Mobile Clients Phase 1 Creation Prompt

Phase 1

The Phase 1 configuration for mobile clients is presented, and must be configured as follows:

Key Exchange Version

Set to V2

Internet Protocol

Set to IPv4 for this example

Interface

Set to WAN

Description

Set to Mobile IPsec

Authentication Method

Set to EAP-MSCHAPv2

My identifier

Choose Distinguished Name from the drop-down list and then enter the hostname of the firewall, same as it was entered into the server certificate, vpn.example.com

Peer Identifier

Set to Any

My Certificate

Choose the IPsec Server Certificate created earlier

My Certificate Authority

Choose the Certificate Authority created earlier

Encryption Algorithm
Algorithm

Set to AES

Key Length

Set to 256 bits

Hash

Set to SHA256

DH Group

Set to 14 (2048 bit)

Multiple combinations of encryption, hash, and DH options may be created to accommodate various clients with different requirements. Click fa-plus Add Algorithm to add more entries.

Lifetime

Must be set to 28800

Disable Rekey

Leave unchecked

Disable Reauth

Leave unchecked

Responder Only

Leave unchecked

MOBIKE

Set to Enable to allow clients to roam between IP addresses, otherwise set to Disable.

DPD
Enable DPD

Checked

Delay

10 seconds

Max failures

5

  • Click Save

Phase 2

  • Click fa-plus-circle Show Phase 2 Entries to expand the list of mobile phase 2 entries

  • Click fa-plus Add P2 to add a new mobile phase 2.

Mode

Set to Tunnel IPv4

Local Network

Set to LAN subnet or another local network.

To tunnel all traffic over the VPN, use Network and enter 0.0.0.0 with a mask of 0

NAT/BINAT

Set to None

Protocol

Set to ESP, which will encrypt tunneled traffic

Encryption algorithms

Set to AES with Auto selected for key length.

Hash algorithms

Select SHA256

PFS

Set to off

Lifetime

Set to 3600

  • Click Save

  • Click Apply changes

The tunnel setup for mobile clients is complete.

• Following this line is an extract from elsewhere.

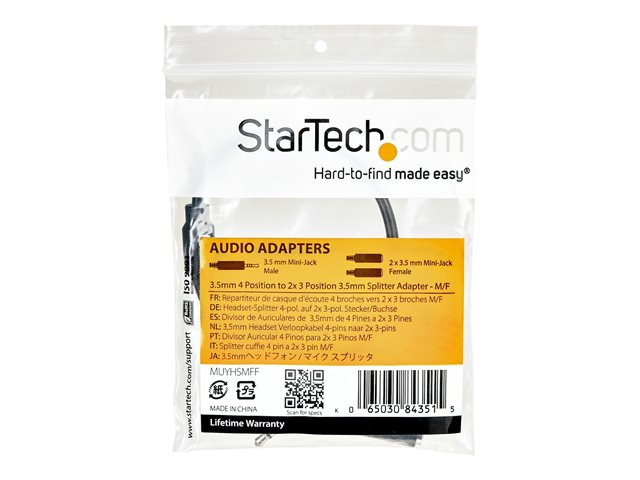 Produktbeskrivning StarTech.com 4 Position to 2x 3 Position 3.5mm Headset Splitter Adapter - headset-delare - 20 cm Kabel Headset-delare American Wire Gauge (AWG) 28 Kabellängd 20 cm Färg Svart Kontaktdon 4-poligt minijack - hane Kontakt (andra änden) 2 x minijack - hona Tillverkarens garanti Begränsad livstidsgaranti Designat för P/N: DK30A2DH, DK30CHDDPPD, DK30CHDPPDUE, MST30C2HDPPD, MUHSMF2M, USB3DDOCKFT, USB3DOCKHDPC, USB3SMDOCK4K, USB3VDOCK4DP, USB3VDOCKD -

Mobile IPsec User Creation

The next step is to add users for use by EAP-MSCHAPv2.

  • Navigate to VPN > IPsec, Pre-Shared Keys tab

  • Click fa-plus Add to add a new key

  • Configure the options as follows:

Identifier

The username for the client, can be expressed in multiple ways, such as an e-mail address like jimp@example.com

Secret Type

Set to EAP for EAP-MSCHAPv2 users

Pre-Shared Key

The password for the client, for example abc123

  • Click Save

  • Repeat as many times as needed for additional VPN users.

A complete user is shown in Figure Mobile IPsec User.

../_images/ipsec-ipsec_mobile_user.png

Mobile IPsec User

Firewall Rules

As with the static site-to-site tunnels, mobile tunnels will also need firewall rules added to the IPsec tab under Firewall > Rules. In this instance the source of the traffic would be the subnet chosen for the mobile clients and the destination will be the LAN network, or any if tunneling all traffic. For more details, IPsec and firewall rules.

Client Configuration

Each mobile client computer will need to have a VPN instance added. In some cases a third-party IPsec client may be required. There are many different IPsec clients available for use, some free, and some commercial applications. With IKEv2, as used in this example, many operating systems have native VPN clients and do not need extra software.